Christie Barner has a 50-50 rule with family and friends: You bring the ingredients for the winemaking, you get to enjoy 50 percent of the bounty. She shares this with me as we prepare dandelion flowers for a batch of early summer wine. Glowing in the afternoon light beside us are large carboys of last year’s wine, nearly ready for bottling. One was made from a buddy’s bushel of plums that didn’t make it to the farmer’s market in time, another from raspberries picked in her sister’s Warwick garden.
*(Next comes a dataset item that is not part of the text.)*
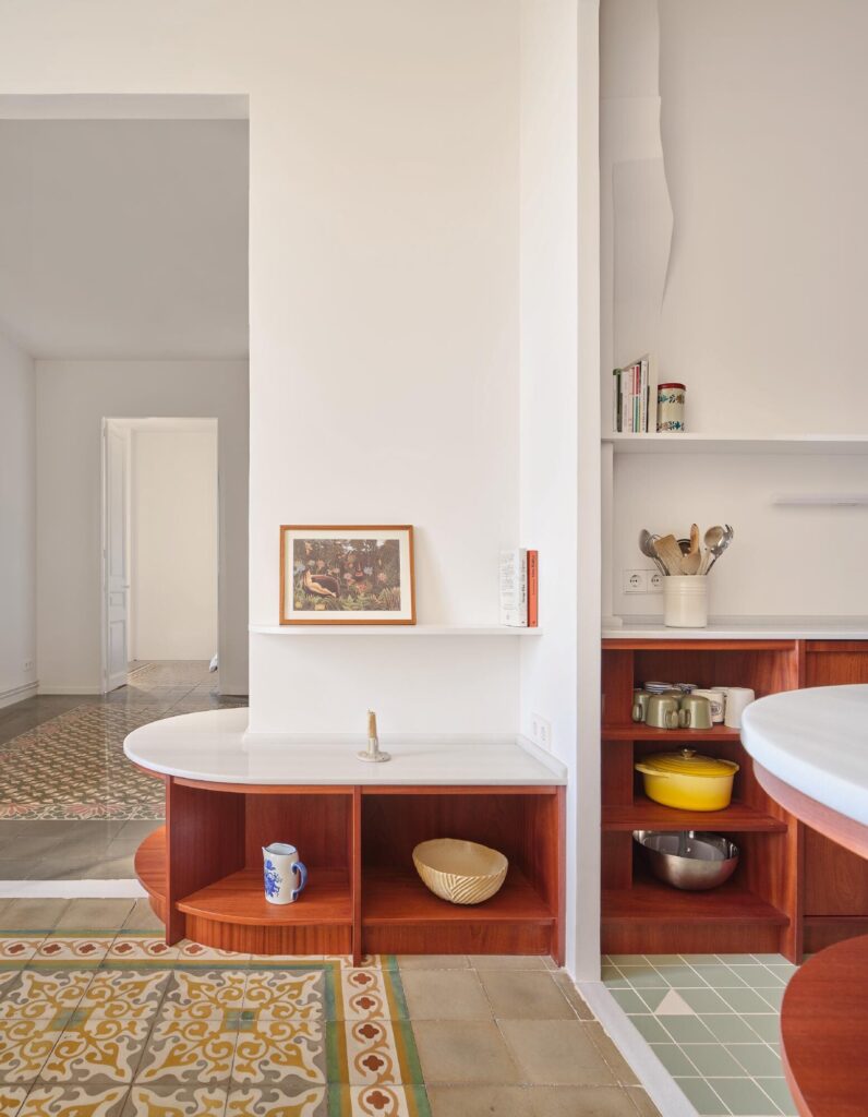 A estratégia bicolor também foi aplicada ao próprio mobiliário, com mudanças de material em diferentes alturas conforme o uso, combinando madeira com mármore Macael e prateleiras de melamina branca que se fundem com as paredes. A proposta transformou significativamente a espacialidade do apartamento e cuidou atentamente de cada detalhe com precisão e sensibilidade.

She’s got a batch of elderberry that her mother-in-law helped her forage for, and soon, she hopes, her younger sister’s bees will provide all the honey she needs to start the fermentation process.

Christie’s husband Brian comes up from the wine cellar blowing dust off a four-year-old blueberry wine. The fruit was picked from a spot upstate she has known about since a child. She grew up learning to hunt and gather. Winemaking in particular is in her blood. Down in her cellar are a couple of bottles of Grandpa Woolsey’s decades old apple and blackberry wines, reserved for special family occasions. Sadly, recipes for Woolsey’s Wild Wines died with him. Through research, and trial and error, Christie has come up with her own recipes, but never fails to use the champagne yeast he swore by.

Occasionally they still blow things up, as in the case of the notorious exploding coffee wine. But they relish the challenge of experimenting with new ingredients.

Christie is an acupuncturist with extensive knowledge of Chinese herbal medicine. There’s wolfberry—also known as goji berry—wine maturing in the cellar. She’s eager to try other medicinal plants. This year she’s planning to use plentiful local vegetables and already has a carrot wine in mind.

We sip the smooth, full-bodied blueberry wine as we prepare the dandelion teabags for steeping in a honey syrup. I can see why Christie’s wines are a huge hit at family gatherings. And she and Brian are determined to master coffee wine—the perfect after dinner drink.